In advanced breast cancer, which has spread to other areas, there may also be unexplained weight loss, fatigue, pain, and fever.

If untreated or detected late, breast cancer is deadly. Treatment is extremely stressful physically, emotionally and financially, so it’s crucial to make every effort for prevention.

Detecting Breast cancer early

Screening tests can find cancer at an early stage, when it may be easier to treat or cure.

Given the problem of late diagnosis of cancer in Nigeria and other Sub-Saharan countries, early detection through screening tests is the best recommendation.


Screening tests for Breast cancer include:

  • Mammogram: A mammogram is an X-ray of the breast. It can detect breast cancer early, long before you can feel a lump or have other symptoms. Early breast cancer is easier to treat. Having regular mammograms can lower your risk of dying from breast cancer. The recommendation is yearly mammograms from age 40.
  • Breast Magnetic Resonance Imaging (MRI): A breast MRI is a special scan of the breast. MRI is used along with mammograms to screen women who are at high risk for breast cancer.

A clinical breast exam is an examination by a doctor or nurse, who uses his or her hands to feel for lumps or other changes.
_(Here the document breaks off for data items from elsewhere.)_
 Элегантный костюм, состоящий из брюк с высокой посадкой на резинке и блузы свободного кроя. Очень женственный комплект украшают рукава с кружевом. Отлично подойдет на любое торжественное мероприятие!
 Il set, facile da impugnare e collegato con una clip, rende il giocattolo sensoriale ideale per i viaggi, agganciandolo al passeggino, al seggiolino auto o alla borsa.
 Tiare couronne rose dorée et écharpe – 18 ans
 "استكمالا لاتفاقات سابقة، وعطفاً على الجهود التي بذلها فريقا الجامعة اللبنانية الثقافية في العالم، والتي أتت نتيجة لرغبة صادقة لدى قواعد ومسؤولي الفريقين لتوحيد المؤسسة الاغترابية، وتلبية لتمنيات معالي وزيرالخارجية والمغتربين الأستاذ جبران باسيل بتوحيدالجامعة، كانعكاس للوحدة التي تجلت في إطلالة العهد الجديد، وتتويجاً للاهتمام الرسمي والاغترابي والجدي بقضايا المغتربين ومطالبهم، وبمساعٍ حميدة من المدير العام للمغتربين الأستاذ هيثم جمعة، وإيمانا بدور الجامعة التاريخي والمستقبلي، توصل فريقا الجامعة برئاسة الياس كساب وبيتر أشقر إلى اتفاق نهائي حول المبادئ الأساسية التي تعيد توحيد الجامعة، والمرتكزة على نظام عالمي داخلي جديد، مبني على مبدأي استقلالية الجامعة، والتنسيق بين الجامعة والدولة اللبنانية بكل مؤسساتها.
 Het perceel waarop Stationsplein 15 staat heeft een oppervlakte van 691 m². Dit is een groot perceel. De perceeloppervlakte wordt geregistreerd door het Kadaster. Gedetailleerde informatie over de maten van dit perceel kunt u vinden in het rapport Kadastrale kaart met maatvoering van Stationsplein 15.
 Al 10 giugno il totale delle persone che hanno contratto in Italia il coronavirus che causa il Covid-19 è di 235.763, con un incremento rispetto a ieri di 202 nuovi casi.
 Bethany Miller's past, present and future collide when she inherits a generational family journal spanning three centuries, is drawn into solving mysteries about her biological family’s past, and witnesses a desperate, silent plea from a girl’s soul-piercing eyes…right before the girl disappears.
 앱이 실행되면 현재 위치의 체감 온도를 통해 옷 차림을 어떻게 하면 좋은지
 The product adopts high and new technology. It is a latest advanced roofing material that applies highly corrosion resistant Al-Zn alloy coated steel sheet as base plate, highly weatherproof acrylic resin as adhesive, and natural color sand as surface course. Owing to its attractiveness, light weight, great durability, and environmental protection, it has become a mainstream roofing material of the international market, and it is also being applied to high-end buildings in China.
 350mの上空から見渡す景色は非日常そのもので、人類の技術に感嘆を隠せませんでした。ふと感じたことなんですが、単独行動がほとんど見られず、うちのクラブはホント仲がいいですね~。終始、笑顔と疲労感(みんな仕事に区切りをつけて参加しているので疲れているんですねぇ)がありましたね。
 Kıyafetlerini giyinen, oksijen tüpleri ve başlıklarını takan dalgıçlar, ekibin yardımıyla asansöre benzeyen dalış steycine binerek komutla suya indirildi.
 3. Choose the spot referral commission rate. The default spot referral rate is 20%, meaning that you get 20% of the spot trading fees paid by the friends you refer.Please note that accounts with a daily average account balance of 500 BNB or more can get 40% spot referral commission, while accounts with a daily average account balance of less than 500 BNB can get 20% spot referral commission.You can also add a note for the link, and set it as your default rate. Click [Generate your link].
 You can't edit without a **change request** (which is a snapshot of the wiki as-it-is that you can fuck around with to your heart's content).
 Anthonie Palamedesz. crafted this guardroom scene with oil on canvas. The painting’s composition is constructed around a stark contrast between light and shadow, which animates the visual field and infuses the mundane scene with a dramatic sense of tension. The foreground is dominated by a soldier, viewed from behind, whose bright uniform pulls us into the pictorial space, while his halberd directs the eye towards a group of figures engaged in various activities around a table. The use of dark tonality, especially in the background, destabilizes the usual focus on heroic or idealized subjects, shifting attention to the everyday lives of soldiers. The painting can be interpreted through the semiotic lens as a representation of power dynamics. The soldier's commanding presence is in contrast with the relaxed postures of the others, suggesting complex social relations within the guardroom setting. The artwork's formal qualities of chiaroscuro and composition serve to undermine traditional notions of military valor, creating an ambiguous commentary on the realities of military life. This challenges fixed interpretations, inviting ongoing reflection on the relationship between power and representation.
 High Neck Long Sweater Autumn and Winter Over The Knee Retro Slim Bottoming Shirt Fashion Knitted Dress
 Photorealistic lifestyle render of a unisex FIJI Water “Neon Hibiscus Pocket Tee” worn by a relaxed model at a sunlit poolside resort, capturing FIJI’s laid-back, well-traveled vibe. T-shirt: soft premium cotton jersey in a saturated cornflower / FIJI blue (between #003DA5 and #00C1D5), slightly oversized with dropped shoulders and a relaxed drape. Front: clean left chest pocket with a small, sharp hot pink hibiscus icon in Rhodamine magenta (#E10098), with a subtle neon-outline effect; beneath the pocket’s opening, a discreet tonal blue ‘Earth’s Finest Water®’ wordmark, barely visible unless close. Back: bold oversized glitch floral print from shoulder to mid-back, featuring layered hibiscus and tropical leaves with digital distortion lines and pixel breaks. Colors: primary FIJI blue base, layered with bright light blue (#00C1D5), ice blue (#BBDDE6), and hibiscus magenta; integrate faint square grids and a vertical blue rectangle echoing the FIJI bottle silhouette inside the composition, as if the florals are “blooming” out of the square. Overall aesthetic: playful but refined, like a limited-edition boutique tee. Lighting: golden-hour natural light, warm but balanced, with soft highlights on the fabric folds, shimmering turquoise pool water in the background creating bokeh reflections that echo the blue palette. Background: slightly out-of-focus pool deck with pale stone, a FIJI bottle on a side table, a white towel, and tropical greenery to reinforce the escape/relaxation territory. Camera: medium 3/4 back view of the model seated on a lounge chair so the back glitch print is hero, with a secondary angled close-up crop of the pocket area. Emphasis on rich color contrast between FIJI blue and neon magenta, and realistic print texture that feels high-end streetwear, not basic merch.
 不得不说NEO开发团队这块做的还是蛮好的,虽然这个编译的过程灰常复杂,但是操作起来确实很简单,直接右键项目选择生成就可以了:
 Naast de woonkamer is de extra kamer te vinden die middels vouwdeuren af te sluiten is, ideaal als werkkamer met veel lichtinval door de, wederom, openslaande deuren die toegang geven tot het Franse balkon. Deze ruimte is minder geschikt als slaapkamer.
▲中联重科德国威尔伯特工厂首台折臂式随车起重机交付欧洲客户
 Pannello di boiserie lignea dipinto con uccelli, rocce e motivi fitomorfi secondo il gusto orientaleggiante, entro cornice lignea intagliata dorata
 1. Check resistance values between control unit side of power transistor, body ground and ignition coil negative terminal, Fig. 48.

A breast self-exam is when you check your breasts for lumps, changes in size or shape of the breast, or any other changes in the breasts or armpit. It should be your monthly healthcare routine. A good time to check your breasts is about two weeks after the beginning of your menstrual cycle.

Being familiar with how your breasts look and feel can help you notice changes more quickly. Report any breast changes to your doctor immediately.


Is it possible to prevent Breast cancer?

Some of the things that put you at risk for breast cancer such as genetic, environmental, and societal factors, including access to health care, are not within your control. Lifestyle factors, however, such as not exercising, alcohol use and being overweight, that influence your risk of developing breast cancer are within your control.

Even if you have the genetic tendency for the condition, you can make lifestyle changes that can reduce your risk for Breast cancer:

  • Eat healthy foods
  • Exercise regularly – at least 30 minutes a day
  • Maintain a healthy weight
  • Become familiar with your breasts through breast self-exam for breast awareness.
  • If you drink, limit alcohol

Screening guidelines for early detection of Breast Cancer recommend that you begin yearly screening with a mammogram at age 40. Get screened sometime close to your birthday, so you don’t forget. That’s what I do!